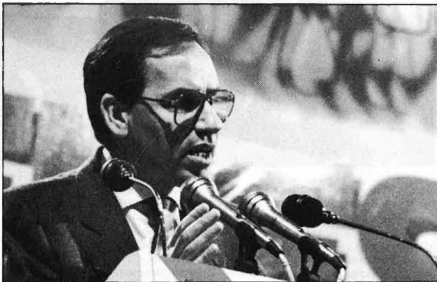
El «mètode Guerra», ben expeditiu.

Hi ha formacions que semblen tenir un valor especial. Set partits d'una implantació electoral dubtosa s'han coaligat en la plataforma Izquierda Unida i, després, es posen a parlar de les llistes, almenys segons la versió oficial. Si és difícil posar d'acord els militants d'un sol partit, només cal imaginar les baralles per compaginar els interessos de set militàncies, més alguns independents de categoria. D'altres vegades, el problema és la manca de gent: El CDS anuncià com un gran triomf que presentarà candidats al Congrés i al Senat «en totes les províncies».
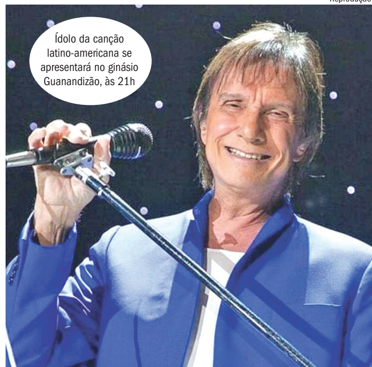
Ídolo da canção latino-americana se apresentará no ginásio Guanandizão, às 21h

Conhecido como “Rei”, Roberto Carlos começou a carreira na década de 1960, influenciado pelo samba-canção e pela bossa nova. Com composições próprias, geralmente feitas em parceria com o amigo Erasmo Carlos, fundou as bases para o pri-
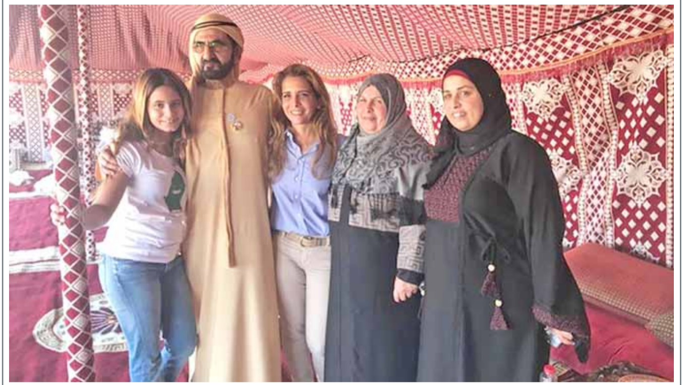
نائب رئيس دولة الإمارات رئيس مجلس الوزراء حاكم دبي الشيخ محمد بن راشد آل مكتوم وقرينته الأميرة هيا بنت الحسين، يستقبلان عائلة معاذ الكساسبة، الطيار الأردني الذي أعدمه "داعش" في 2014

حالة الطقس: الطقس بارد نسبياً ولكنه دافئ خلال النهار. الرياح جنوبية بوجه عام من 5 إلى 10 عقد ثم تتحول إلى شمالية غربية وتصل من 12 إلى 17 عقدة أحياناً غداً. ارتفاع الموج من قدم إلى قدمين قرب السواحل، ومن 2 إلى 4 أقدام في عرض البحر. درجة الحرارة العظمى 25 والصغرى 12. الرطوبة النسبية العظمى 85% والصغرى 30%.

--

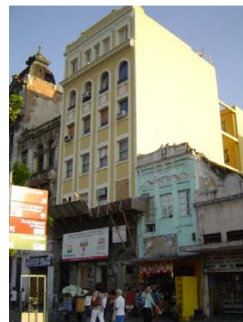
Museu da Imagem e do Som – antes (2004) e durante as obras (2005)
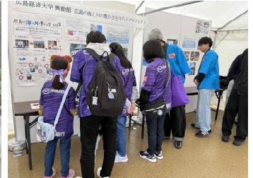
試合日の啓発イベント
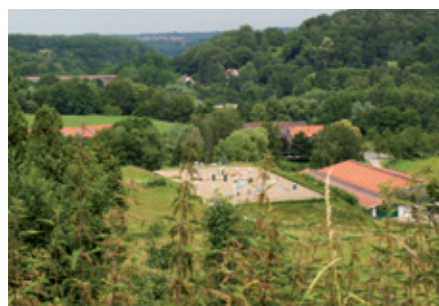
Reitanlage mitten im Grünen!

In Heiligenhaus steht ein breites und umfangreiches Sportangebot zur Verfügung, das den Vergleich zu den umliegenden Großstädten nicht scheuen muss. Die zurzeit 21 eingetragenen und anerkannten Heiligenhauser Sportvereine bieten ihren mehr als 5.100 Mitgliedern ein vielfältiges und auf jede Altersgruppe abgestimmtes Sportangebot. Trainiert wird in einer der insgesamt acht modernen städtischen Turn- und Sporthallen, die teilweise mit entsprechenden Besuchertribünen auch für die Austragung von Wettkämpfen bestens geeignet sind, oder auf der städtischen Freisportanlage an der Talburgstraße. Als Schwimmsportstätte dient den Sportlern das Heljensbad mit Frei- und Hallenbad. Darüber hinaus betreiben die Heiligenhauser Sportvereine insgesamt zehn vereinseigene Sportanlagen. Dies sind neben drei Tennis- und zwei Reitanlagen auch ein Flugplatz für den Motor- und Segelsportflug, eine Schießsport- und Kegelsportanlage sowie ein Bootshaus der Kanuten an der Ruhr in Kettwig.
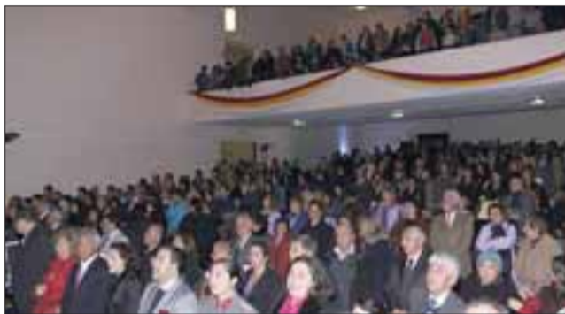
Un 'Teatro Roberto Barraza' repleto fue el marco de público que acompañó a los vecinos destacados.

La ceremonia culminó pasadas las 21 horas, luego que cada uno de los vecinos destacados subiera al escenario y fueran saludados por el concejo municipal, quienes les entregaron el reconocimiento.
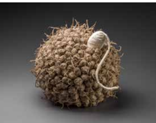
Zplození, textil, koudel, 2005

Action item: Look above for the line with "نائب رئيس دولة"; retype exactly that line, every line after it up to the line with "حالة الطقس: الطقس", and that line too, nothing else.

Solution to this exercise:
نائب رئيس دولة الإمارات رئيس مجلس الوزراء حاكم دبي الشيخ محمد بن راشد آل مكتوم وقرينته الأميرة هيا بنت الحسين، يستقبلان عائلة معاذ الكساسبة، الطيار الأردني الذي أعدمه "داعش" في 2014

حالة الطقس: الطقس بارد نسبياً ولكنه دافئ خلال النهار. الرياح جنوبية بوجه عام من 5 إلى 10 عقد ثم تتحول إلى شمالية غربية وتصل من 12 إلى 17 عقدة أحياناً غداً. ارتفاع الموج من قدم إلى قدمين قرب السواحل، ومن 2 إلى 4 أقدام في عرض البحر. درجة الحرارة العظمى 25 والصغرى 12. الرطوبة النسبية العظمى 85% والصغرى 30%.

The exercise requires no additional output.